Your dependants are:

  • Your current spouse. This includes the person at your death to whom you are married, in a relationship that is registered under a law of a state or territory, or live with on a genuine domestic basis in a relationship as a couple.
  • Your child. This includes any person who, at your death, is your natural, step, adopted, ex-nuptial or current spouse's child, including a child who was born through artificial conception procedures or under surrogacy arrangements with your current or then spouse. 
  • Any person financially dependent on you. Generally, this is the case if the person receives financial assistance or maintenance from you on a regular basis that the person relies on or is dependent on you to maintain their standard of living at the time of your death.
  • Any person with whom you have an interdependency relationship and includes any person where at your death:
    • You have had a close personal relationship with this person
    • You live together with this person
    • You or this person provides the other with financial support, and
    • You or this person provides the other with domestic support and personal care.

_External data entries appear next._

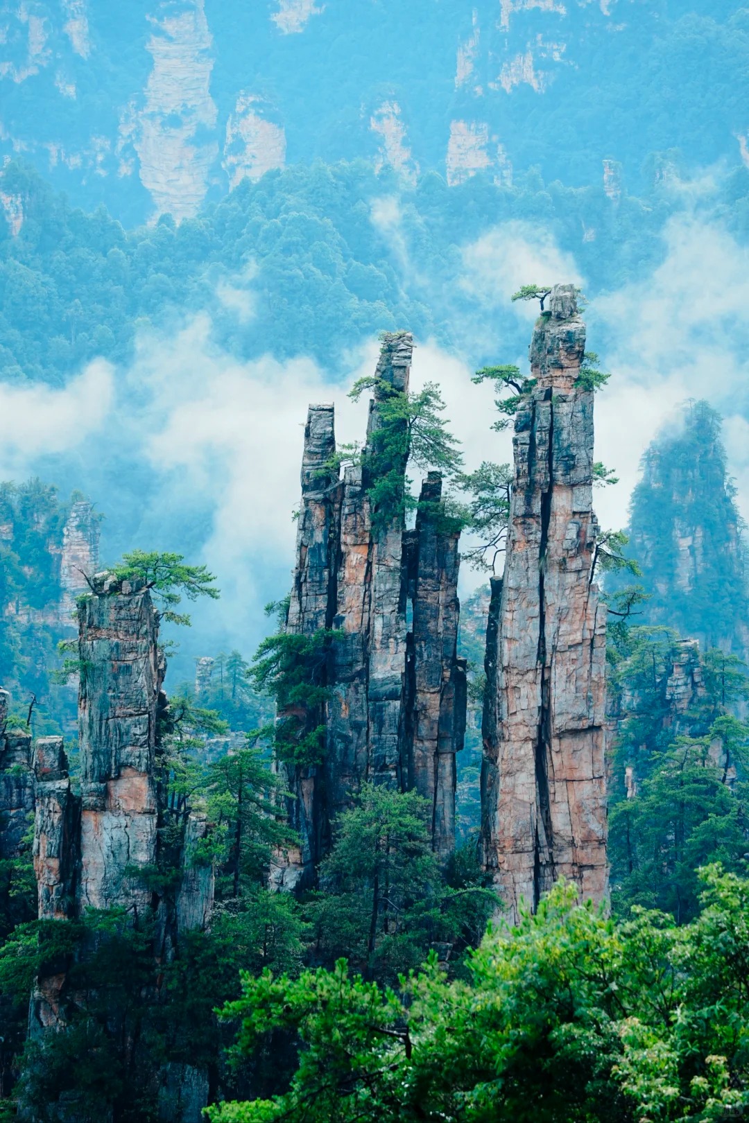 在中国,没有哪座山岳像武陵源这样,让人同时感到“震撼”与“困惑”。 震撼的是那3103座石英砂岩峰柱,如刀削斧劈般拔地而起,浩浩荡荡铺展到天际;困惑的是,你分明站在山顶,却仿佛置身于一片“石头的森林”,每根石柱都像一株远古巨树的化石,沉默地矗立着。美国电影《阿凡达》的导
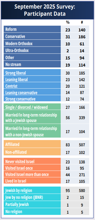 This report is an analysis of a survey conducted among 609 American Jews registered for JPPI’s Voice of the Jewish People Index panel. In addition, 105 Canadian respondents and 52 from the United Kingdom participated (their responses were included in the analysis only as explicitly noted).
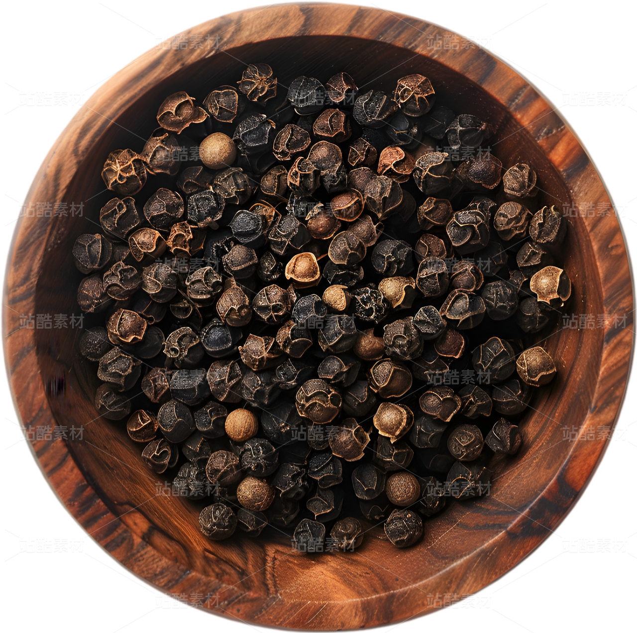 木碗中的黑胡椒粒

An interdependency relationship is not required to meet the last three conditions, if the reason these requirements can not be met is because you or the other person is suffering from a disability. In establishing whether such an interdependency relationship exists, all of the circumstances of the relationship are taken into account, including (where relevant):

  • The duration of the relationship
  • Where or not a sexual relationship exists
  • The ownership, use and acquisition of property
  • The degree of mutual commitment to a shared life
  • The care and support of children
  • The reputation and public aspects of the relationship (such as whether the relationship is publicly acknowledged)
  • The degree of emotional support 
  • The extent to which the relationship is one of mere convenience, and
  • Any evidence suggesting that the parties intended the relationship to be permanent.

 

If you are considering relying on this category of dependency to nominate a person, you should think about completing a statutory declaration addressing these points as evidence of whether such a relationship exists. You should talk to a Robertson Scannell financial adviser for more information.

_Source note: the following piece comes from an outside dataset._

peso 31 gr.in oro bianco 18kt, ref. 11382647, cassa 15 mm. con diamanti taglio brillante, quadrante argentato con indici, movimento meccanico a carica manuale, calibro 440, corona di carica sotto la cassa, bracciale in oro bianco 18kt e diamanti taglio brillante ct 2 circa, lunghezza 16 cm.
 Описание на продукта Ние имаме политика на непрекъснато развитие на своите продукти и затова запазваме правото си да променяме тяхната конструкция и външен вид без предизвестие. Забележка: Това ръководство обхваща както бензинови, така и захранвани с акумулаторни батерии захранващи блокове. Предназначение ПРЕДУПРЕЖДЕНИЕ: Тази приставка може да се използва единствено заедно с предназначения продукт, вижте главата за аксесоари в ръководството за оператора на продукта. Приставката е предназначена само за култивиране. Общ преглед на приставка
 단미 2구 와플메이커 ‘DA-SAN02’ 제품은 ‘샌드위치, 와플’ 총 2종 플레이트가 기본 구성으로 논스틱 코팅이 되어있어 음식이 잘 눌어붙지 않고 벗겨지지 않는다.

Please note: If you hold a pension account that has an existing reversionary beneficiary has been evoked.

How is my death benefit paid?

At the time of your death, we will contact the people you have nominated in your non-lapsing death benefit to ensure that they are still a dependant or legal personal representative. We are also generally required to establish the identity of this perosn before paying out your death benefit.

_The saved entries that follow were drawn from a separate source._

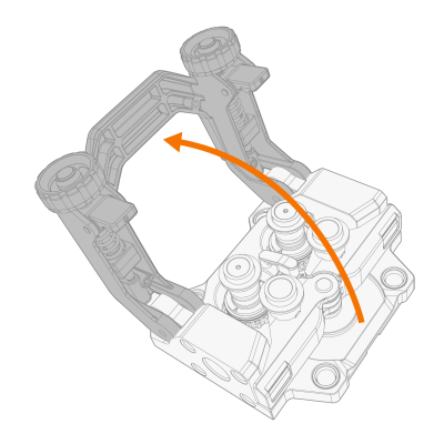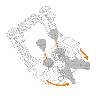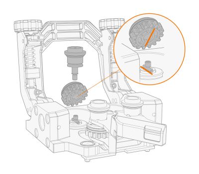 重新连接安装销,将驱动轮和压轮锁定到位。将压轮安装销底部的一个切口与底座上的螺栓对齐。 |
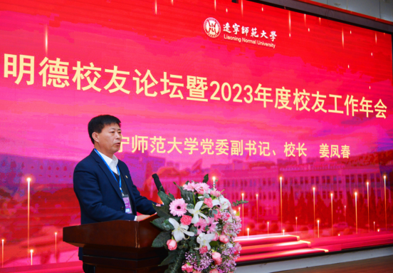 校长姜凤春致欢迎辞。他代表学校全体师生对长期以来心系辽师、情注母校的各位校友和来宾表示热烈的欢迎和衷心的感谢,并向各位来宾和校友们简要介绍了近年来学校的发展变化和取得的一系列显著成就。他指出,回首2023年,全体辽师人踏歌而行,沐浴着新时代春风,全面落实立德树人根本任务,各项事业蒸蒸日上、欣欣向荣,正向着教师教育特色鲜明的高水平综合性大学建设目标阔步前行。他强调,母校的事业发展,离不开历届校友的热心帮助和倾力付出,母校感谢广大校友的付出和支持。他指出,把各位校友邀请回来,除了向各位报告母校发展取得的卓越成绩,也希望所有校友进一步增强对母校认同,增强校友团结,积极参与母校的发展建设。同时,学校也会积极宣传校友、凝聚校友、服务校友、赋能校友、依靠校友,努力打造学校和校友发展共同体,汇聚成推动学校发展的磅礴力量。
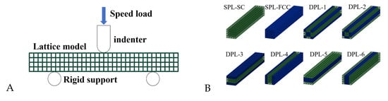 As shown in Figure 1A, the dual-phase lattice (DPL) structure consists of simple cubic (SC) units as the basic phase (BP) and face-centered cubic (FCC) units as the reinforcing phase (RP). The cross-section adopts 4 × 4 units, and the ratio of the number of matrix phase to reinforcement phase cells was set to 1:1 while maintaining the symmetry of the lattice structure. A total of 34 layers of cross-sectional units were arranged along the axial array to form an array structure beam. This article presents six types of biphasic lattice beam structures with identical geometric dimensions, named DPL 1-DPL 6. The diameter d of the column that constitutes the lattice unit is 1.5 mm, the side length a of the lattice unit is 8.0 mm, and the cross-sectional side length b of the beam-type lattice structure is 32 mm, with a total length of 272 mm. The actual structural models of DPL-3 and DPL-4, as well as DPL-5 and DPL-6, are the same but differ based on different vertical contact surfaces in the three-point bending load direction. In addition, two single-phase lattice structures were designed, namely the basic phase lattice structure formed solely by a simple cubic cell array (SPL-SC) and the enhanced phase lattice structure formed solely by a face-centered cubic cell array (SPL-FCC), as the control group. The size of the single-phase lattice structure beam formed is consistent with that of the dual-phase lattice structure beam mentioned above.
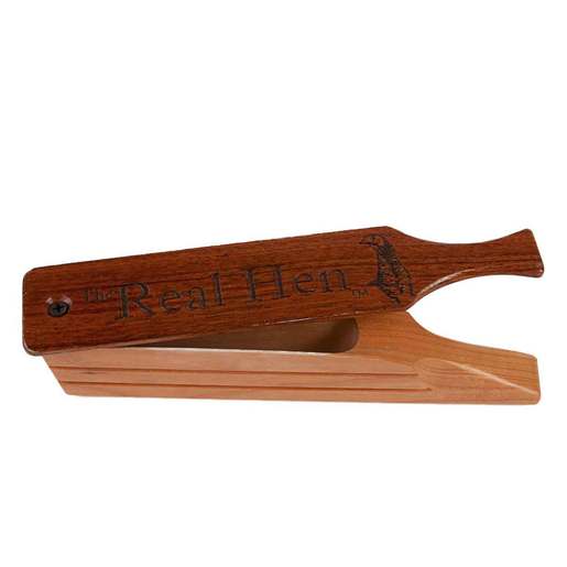 Woodhaven Calls The Cherry Real Hen Turkey Box Call - A higher pitched call than the walnut Real Hen, the cherry Real Hen features a one piece cherry trough style box with a matched Brazilian cherry lid. The cherry Real Hen sends out the most realistic two tone raspy yelps. Great call for clucks, cutts, and cackles. Each Real Hen comes chalked and ready to call in the ol' gobbler. Box Call Cherry Call Higher Pitch than Walnut Raspy Yelps

If you have nominated one or more of your dependants, they will be provided the choice of taking their proportion of the death benefit as a lump sum cash payment or, if available, a pension from your Super fund.

Please note, any death benefit paid to your legal personal representative must be paid as a lump sum. Also, from 1 July 2007 if you have nominated a child, the death benefit must be paid to them as a lump sum cash payment unless the child:

  • Is under age 18
  • Is under age 25 and is financially dependent on you, or
  • has a certain type of disability.

If your child's personal circumstances change so that they no longer meet one of these exceptions, we will pay the remaining account balance to them as a lump sum cash payment. Where your child is eligible to receive a death benefit pension, they must generally cash any remaining balance out as a lump sum by age 25, unless they remain disabled.